Breaking Down What the Jobs Report Means
Last week, in his hawkish Jackson Hole speech, Fed Chair Jerome Powell underlined that the Fed’s main policy objective was to reduce inflation. He also insisted that the Fed would stay the course of raising interest rates until the job of bringing down inflation to the Fed’s 2 percent target was done. He expressed particular concern about the strength of the labor market. In his view, we would need a period of below-trend economic growth and softer labor market conditions to bring down inflation.
Today’s job report showing that the economy added 315,000 jobs in August, together with other labor market indicators, suggest that we are very far from the soft labor market conditions that the Fed is seeking to slay the inflation beast. Unemployment remains close to a fifty-year low, wages are rising at too rapid a pace for comfort, and the economy keeps adding jobs. Equally problematic for the Fed is the fact that not only are job openings at a record high of more than 11 million. Job openings now remain around double the number of people who are unemployed.
The continued strength in the labor market, coupled with inflation still running at a multiple of the Fed’s target, makes it all too likely that the Fed will raise interest rates by another 75 basis points at its September 21-22 policy meeting. However, that is not to say that another significant interest rate hike will be the right policy decision.
Will The Fed Be Too Aggressive?
Indeed, a strong argument can be made that the Fed is being overly aggressive in its quest to regain control over inflation and that it would be better served by a slower pace of monetary policy tightening. Not only does the Fed seem to forget that monetary policy operates with long lags and that its earlier aggressive tightening is yet to have its full impact on the economy. The Fed also seems to be forgetting the impact that its policies are having on the rest of the world economy and on global financial markets.
The one way in which the Fed’s hawkish monetary policy is adversely affecting the rest of the world economy is by aggravating the inflation problem abroad. It is doing so by propelling the dollar to a 20-year high thereby increasing the rest of the world’s import costs. Another way the Fed’s higher interest rates are having a negative impact is by sucking capital out of the rest of the world at an accelerating pace. That induces the World Bank to warn that we could be on the cusp of a wave of emerging market debt defaults.

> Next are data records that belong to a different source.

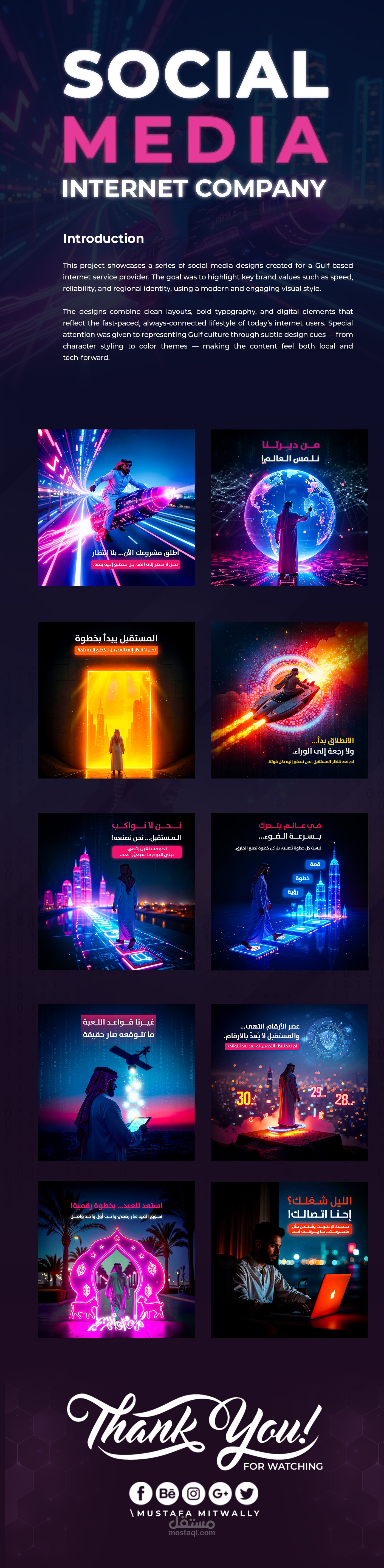 This project showcases a series of social media designs created for a Gulf-based internet service provider. The goal was to highlight key brand values such as speed, reliability, and regional identity, using a modern and engaging visual style.
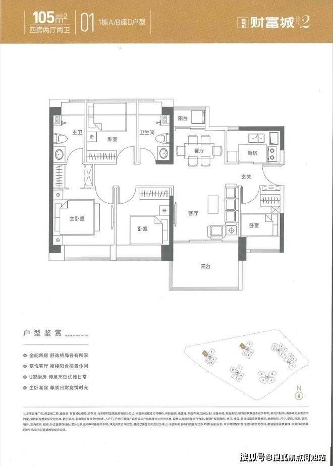 105㎡的4房2厅2卫,折后总价345-372万/套,单价3.28-3.54万/㎡。
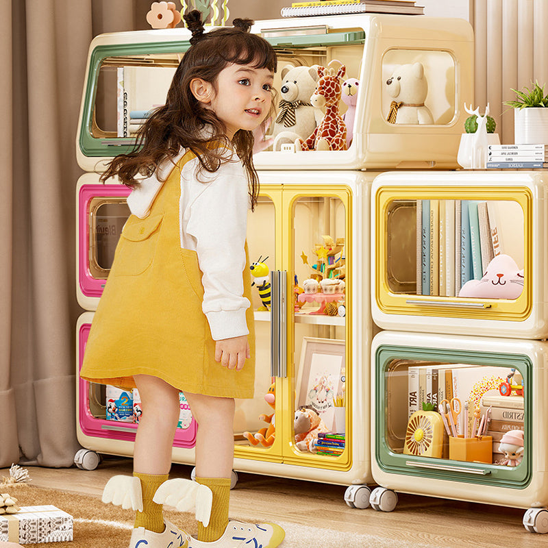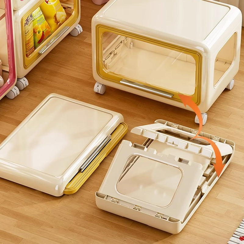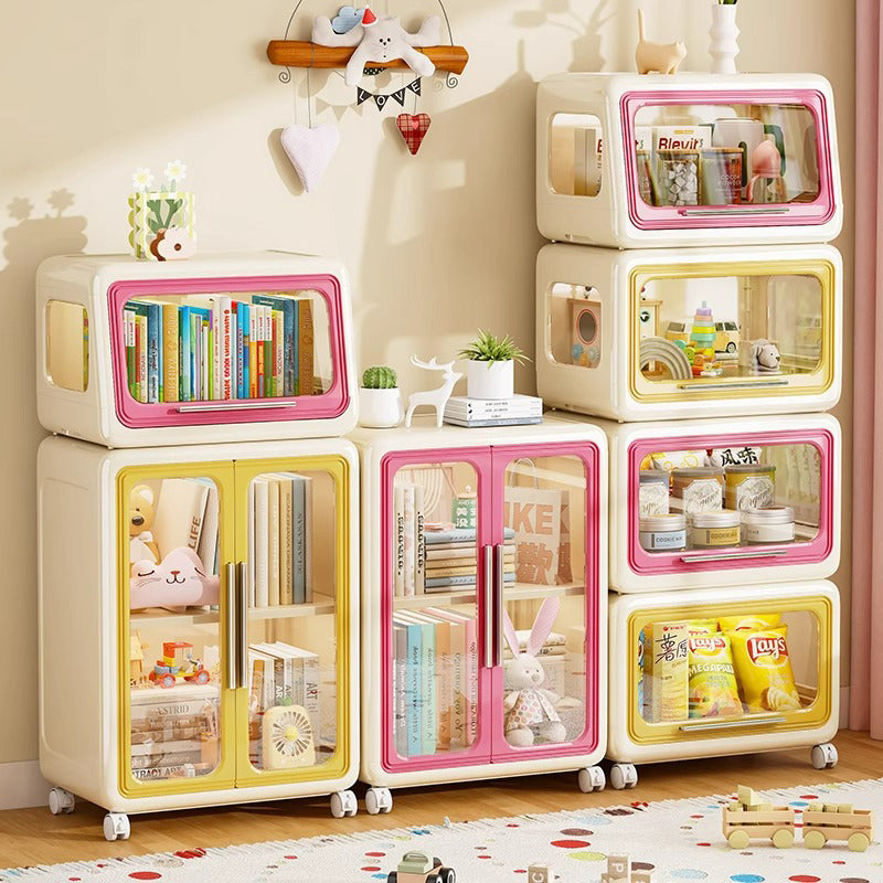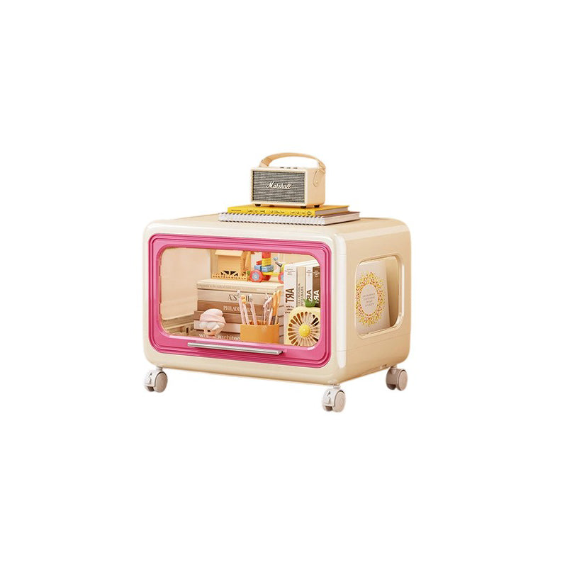 This contemporary creative storage cabinet is made of durable PET with a slanted rectangular design, available in pink, yellow, green, and cream white. Featuring smooth-rolling wheels, it offers safe, stable, and convenient storage for toys, books, or household essentials in the living room.

Fortunately for President Biden, the full impact of today’s hawkish Fed monetary policy stance both at home and abroad will most likely only be fully felt after November’s midterm elections. Especially after today’s solid labor market report that will allow Mr. Biden to claim that the economy is strong. It will also allow him to hope that the electorate will not focus on the fact that inflation reached a forty-year high in no small measure due to his reckless budget policy.